Extracted entries
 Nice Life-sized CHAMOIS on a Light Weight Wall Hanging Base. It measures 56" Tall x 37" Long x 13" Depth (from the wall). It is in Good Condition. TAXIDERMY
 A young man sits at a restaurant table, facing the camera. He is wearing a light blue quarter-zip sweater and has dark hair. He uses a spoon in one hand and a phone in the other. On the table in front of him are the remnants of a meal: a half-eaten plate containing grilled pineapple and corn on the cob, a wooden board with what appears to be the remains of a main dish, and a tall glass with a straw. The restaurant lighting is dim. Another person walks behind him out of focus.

---

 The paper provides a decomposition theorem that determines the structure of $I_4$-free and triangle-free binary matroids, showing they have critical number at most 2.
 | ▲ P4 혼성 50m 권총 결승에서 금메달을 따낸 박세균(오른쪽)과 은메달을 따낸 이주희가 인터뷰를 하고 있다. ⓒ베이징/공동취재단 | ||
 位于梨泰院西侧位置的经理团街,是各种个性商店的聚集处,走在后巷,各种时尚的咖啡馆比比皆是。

* * *

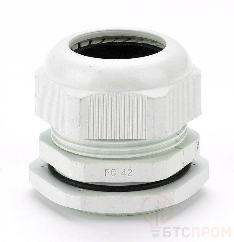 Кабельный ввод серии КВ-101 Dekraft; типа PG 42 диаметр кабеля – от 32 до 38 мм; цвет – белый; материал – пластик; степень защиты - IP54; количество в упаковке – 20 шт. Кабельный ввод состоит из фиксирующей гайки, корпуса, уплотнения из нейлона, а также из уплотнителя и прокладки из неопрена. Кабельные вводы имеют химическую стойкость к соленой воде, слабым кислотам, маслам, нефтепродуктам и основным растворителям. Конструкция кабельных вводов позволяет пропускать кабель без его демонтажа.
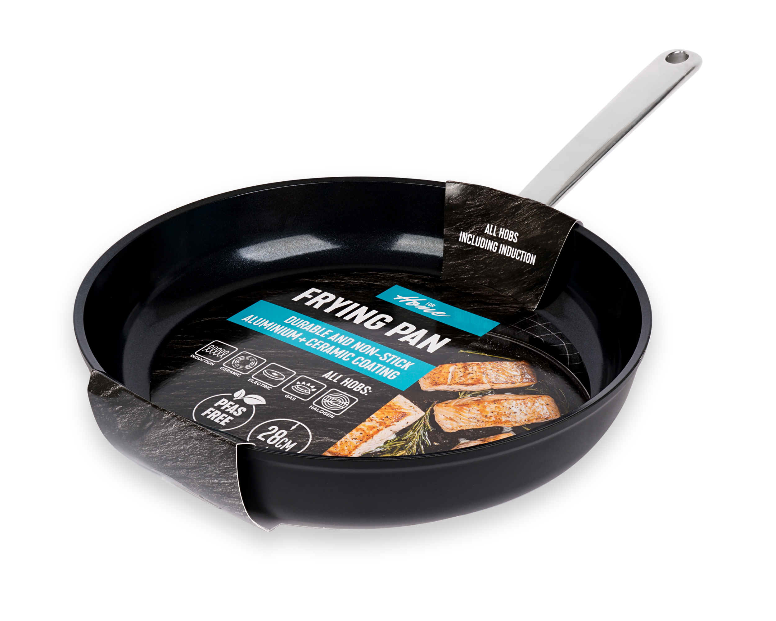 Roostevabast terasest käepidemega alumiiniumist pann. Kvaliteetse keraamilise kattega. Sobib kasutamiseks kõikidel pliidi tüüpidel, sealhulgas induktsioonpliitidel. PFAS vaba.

Exercise
Copy out only the lines above from the one with "있다. ⓒ베이징/공동취재단 | ||" to the one with "位于梨泰院西侧位置的经理团街", inclusive, exactly as they stand.

Solved problem
 | ▲ P4 혼성 50m 권총 결승에서 금메달을 따낸 박세균(오른쪽)과 은메달을 따낸 이주희가 인터뷰를 하고 있다. ⓒ베이징/공동취재단 | ||
 位于梨泰院西侧位置的经理团街,是各种个性商店的聚集处,走在后巷,各种时尚的咖啡馆比比皆是。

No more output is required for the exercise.